Does the Language You Speak Affect How You Think?

I picked up Guy Deutscher’s Through the Language Glass: Why The World Looks Different in Other Languages at the library last week.  Ever since I was a student in Germany and had to take all my classes in German and got to the point where I could let go of English and just talk in German without translating, I began to think, “Wow, a different language makes you see the world differently.” 

I was vaguely aware that not every linguist agreed, so I thought this book might be interesting.

Does language reflect the culture of a society in any profound sense beyond such trivia as the number of words it has for snow or for shearing camels? And even more contentiously, can different languages lead their speaker to different thoughts and perceptions?

So, what’s your answer?  [STOP!  Don't read on until you answer.  Just a yes or no will do.]









I, of course, want to say yes. But then it said.
For most serious scholars today, the answer to all these questions is a resounding no. The dominant view among contemporary linguists s that language is primarily an instinct, in other words, that the fundaments of language are coded in our genes and are the same across the human race. Noam Chomsky has famously argued that a Martian scientist would conclude that all earthlings speak dialects of the same language. Deep down, so runs the theory, all languages share the same universal grammar, the same underlying concepts, the same degree of systemic complexity. . .

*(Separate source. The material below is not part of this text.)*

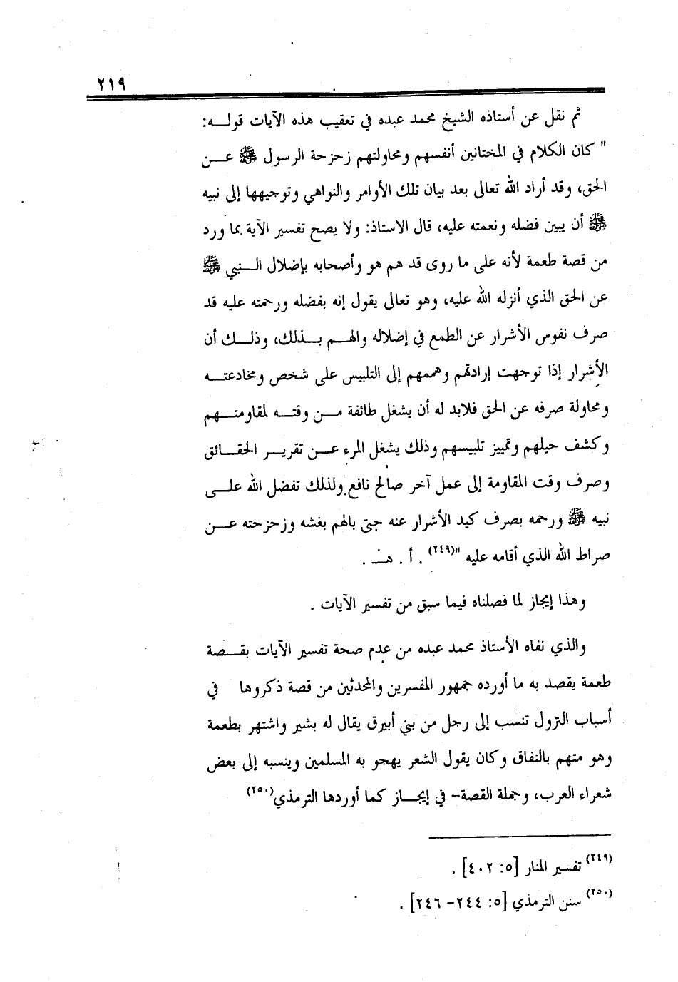 ثم نقل عن أستاذه الشيخ محمد عبده في تعقيب هذه الآيات قوله: " كان الكلام في المختانين أنفسهم ومحاولتهم زحزحة الرسول - صلى الله عليه وسلم - عن الحق، وقد أراد الله تعالى بعد بيان تلك الأوامر والنواهي وتوجيهها إلى نبيه - صلى الله عليه وسلم - أن يبين فضله ونعمته عليه، قال الأستاذ: ولا يصح تفسير الآية بما ورد من قصة طعمة لأنه على ما روي قد هم هو وأصحابه بإضلال النبي - صلى الله عليه وسلم - عن الحق الذي أنزله الله عليه، وهو تعالى يقول إنه بفضله ورحمته عليه قد صرف نفوس الأشرار عن الطمع في إضلاله والهم بذلك، وذلك أن الأشرار إذا توجهت إرادتهم وهممهم إلى التلبيس على شخص ومخادعته ومحاولة صرفه عن الحق فلابد له أن يشغل طائفة من وقته لمقاومتهم وكشف حيلهم وتمييز تلبيسهم وذلك يشغل المرء عن تقرير الحقائق وصرف وقت المقاومة إلى عمل آخر صالح نافع ولذلك تفضل الله على نبيه - صلى الله عليه وسلم - ورحمه بصرف كيد الأشرار عنه حتى بِالهمِّ بغشه وزحزحته عن صراط الله الذي أقامه عليه ". أ. هـ.

OK, so I should read this and find out where I’m wrong and why. I’m open to changing my stories about the world if I get new information. But then I read on.
In the pages to follow, however, I will try to convince you, probably against your initial intuition, and certainly against the fashionable academic view of today, that the answer to the questions above is - yes.

Hot damn. I have an ally. So, I’ll let you know if the rest of the book is as good as the beginning. He does have a sense of humor and playfulness that I’m enjoying just in the prologue.

See, I can do it. This post is under 400 words. One more short post to go. But maybe I can make this a habit.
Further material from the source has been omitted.